I'm planning on a 2-4 week stay in the Chapala/Ajijic area next end of June-July. I have been unsuccessful in finding reviews from people who have rented homes/condos. Can anyone steer me to a site/sites that have such customer reviews or have any of you forum members rented in the area? Does anyone know of good websites to go through to rent a place? Kind of daunting to rent a place from afar without any unbiased info on it. Some places ask for payment by either cashiers check or PayPal. Seems to me like I would be better protected by using a credit card. Thanks in advance for any advice.
Rich


----------



## RVGRINGO (May 16, 2007)

This area is not a hotel or destination resort, websites are available from realtors and rental agencies but not from individuals renting homes or casitas. Credit cards are seldom used in Mexico, which is a cash society. So, when you find a place that looks good, you will be expected to make a deposit in a manner convenient to the owner or agent here in Mexico. Your deposit is your indication that you will arrive and occupy the quarters. They are seldom refundable; in fact, places that are in high demand will ask for a deposit plus first and last month's rent in advance. Then, since it takes two months for utility bills to be resolved here, they will often hold your deposit for two months after you leave, deduct the utilities and send you the balance. It is all quite normal.


----------



## Southbound (Sep 28, 2009)

*Current Lakeside Rental Market, excluding Ajijic?*



RVGRINGO said:


> This area is not a hotel or destination resort, websites are available from realtors and rental agencies but not from individuals renting homes or casitas. Credit cards are seldom used in Mexico, which is a cash society. So, when you find a place that looks good, you will be expected to make a deposit in a manner convenient to the owner or agent here in Mexico. Your deposit is your indication that you will arrive and occupy the quarters. They are seldom refundable; in fact, places that are in high demand will ask for a deposit plus first and last month's rent in advance. Then, since it takes two months for utility bills to be resolved here, they will often hold your deposit for two months after you leave, deduct the utilities and send you the balance. It is all quite normal.


Hola RVGringo,
Curious as to the rental market for furnished Casitas in the 400-600 peso range between mid December and mid January?
Extremely tight, or..........?


----------



## RVGRINGO (May 16, 2007)

I only know of one, Laguna B&B in Ajijic which is in that price range per night, including breakfast. Casitas, homes or apartments will usually be rented by the month and you are looking in high season. If you use Google, you can check for Ajijic or Chapala Rentals online and see the various agency's listings and contact information. For more economical places, you would have to be here, do some footwork and make personal contact.


----------



## Southbound (Sep 28, 2009)

*Please Allow Me To Restate My Question...........*



Southbound said:


> Hola RVGringo,
> Curious as to the rental market for furnished Casitas in the 400-600 peso range between mid December and mid January?
> Extremely tight, or..........?


It was my goof, what I intended to ask is, are there any Casitas or other lodgings still available in the $400 to $600 U.S. dollar per month range?
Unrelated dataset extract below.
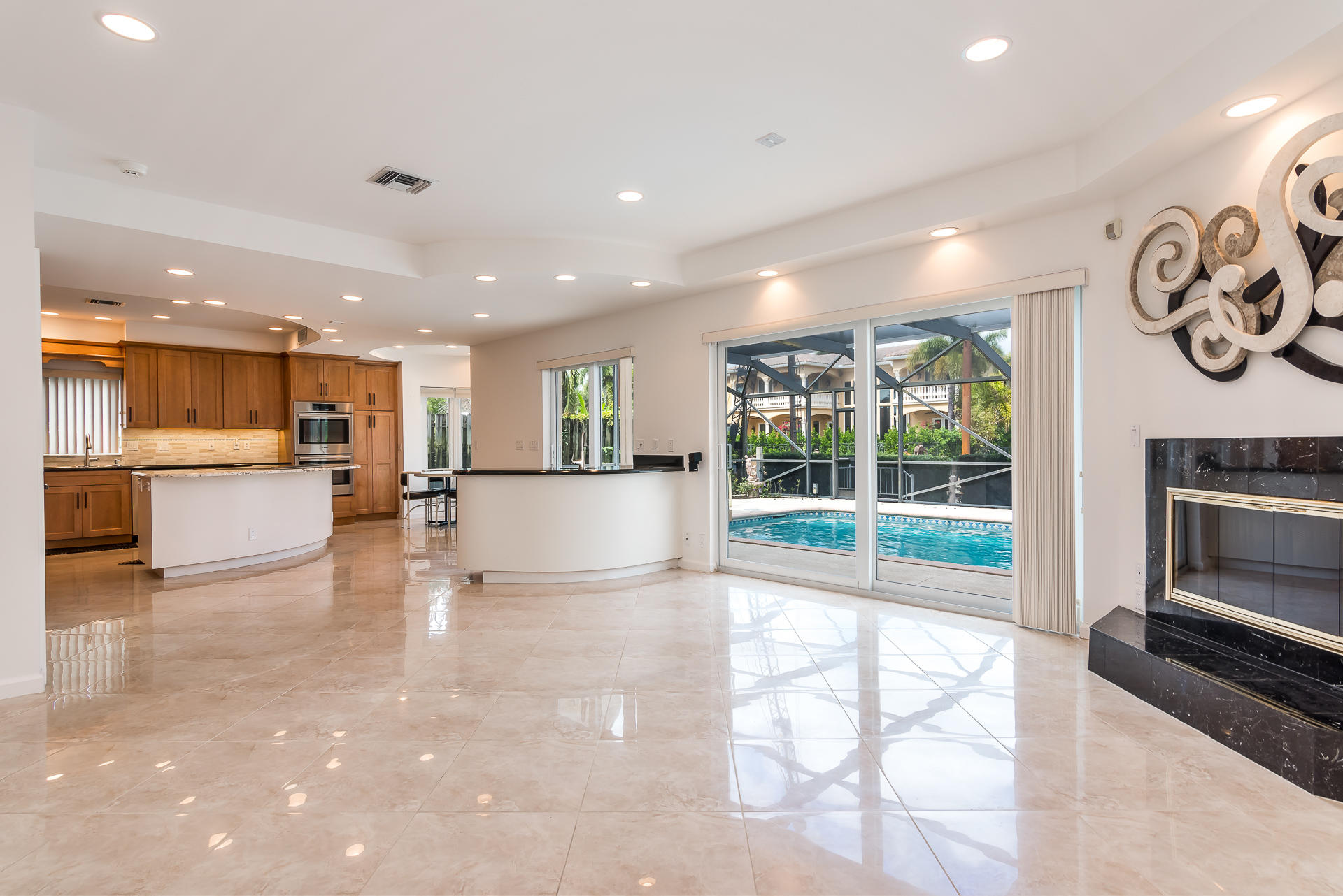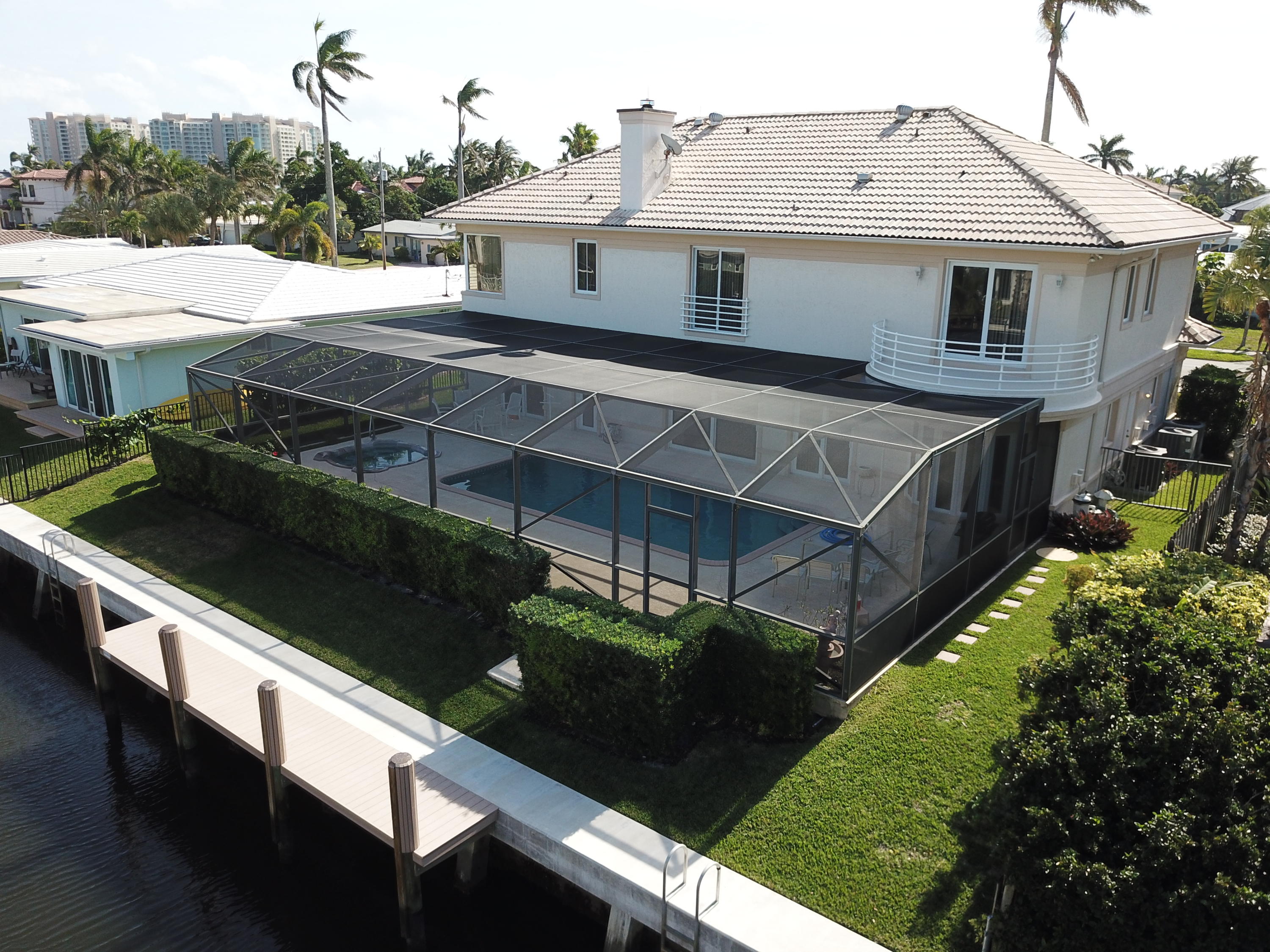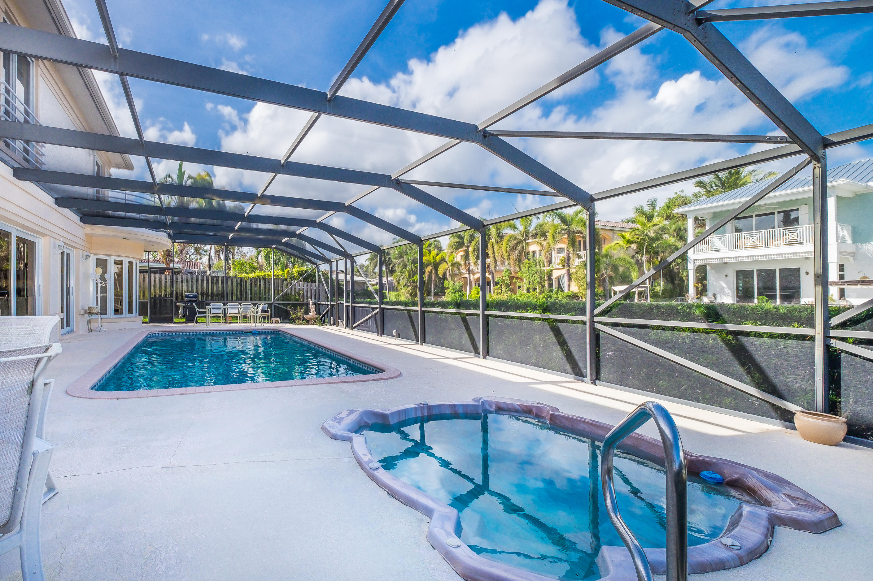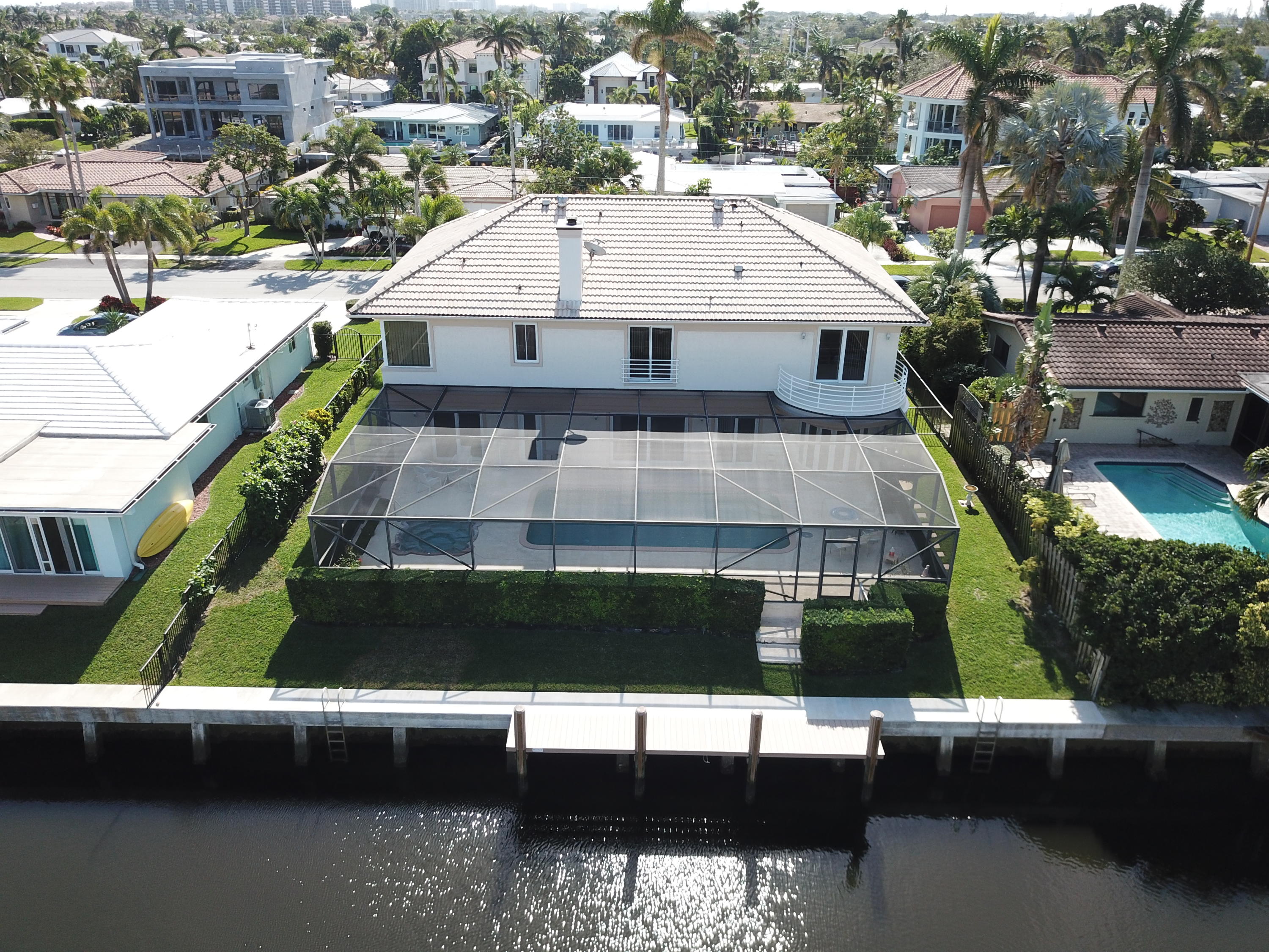 Priced To Sell! 5 Bedroom 3 Bath home with 80' of waterfront, updated kitchen with beautiful cabinets and countertops, stainless steel Bosch & LG appliances, vented island cooktop, porcelain tile. Impact Windows & Doors, Composite Dock with Cap & Batter Pilings 2016', Air Conditioners replaced 13' & 14', security system. Bright and Open family room with wood burning fireplace, formal living room, formal dining room. Huge master suite upstairs with 3 additional large bedrooms & bath, guest bedroom downstairs with full bath. Expansive screened in pool & patio area with in ground spa. Ocean Access with no fixed bridges makes this a boaters dream estate. House is impeccably maintained. This listing is subject to error, omission and change without notice-all sizes approximate.

No doubt I will have to do some pavement pounding to find something with the Winter influx already having arrived there, however, will it be a waste of time to search and realistically expect to find lodging by the month in the stated price range? Also, I do know RVGringo, that your place is booked through April but I am arriving early January.

Does this price range open up my choices any at all over a per diem in the Ajijic B&B?
Thanks Again
Southbound still............


----------



## RVGRINGO (May 16, 2007)

There are some, for sure. I would suggest that you book a couple of nights in a B&B or hotel and then grab a copy of the Guadalajara Reporter and check the local bulletin boards at the Lake Chapala Society, Super Lake, El Torito, American Legion, etc., for rentals that are available at that time. Frankly, few agencies or owners will commit to just a month, when they can hope for several. You'll find something, for sure.


----------



## digame (Apr 10, 2009)

We have been several times and never had accomodation till we get there. We are in the same price range as you. We plan to arrive this year Dec 31 and have a week booked at a B and B, prepaid. Due to a health problem I am never sure if we can go, until about a week before. If this year we cannot, I'm not sure how transferable our reservation is but if it is, I would make some sort of deal. I paid $ 215 US. Downtown Ajijic.
PM me if you are interested at all if the situation arises.
I have used real estate and they have been good. They will take you to look at the places if you wish.


----------



## Southbound (Sep 28, 2009)

*Thank You For The Consideration, Digame*



digame said:


> We have been several times and never had accomodation till we get there. We are in the same price range as you. We plan to arrive this year Dec 31 and have a week booked at a B and B, prepaid. Due to a health problem I am never sure if we can go, until about a week before. If this year we cannot, I'm not sure how transferable our reservation is but if it is, I would make some sort of deal. I paid $ 215 US. Downtown Ajijic.
> PM me if you are interested at all if the situation arises.
> I have used real estate and they have been good. They will take you to look at the places if you wish.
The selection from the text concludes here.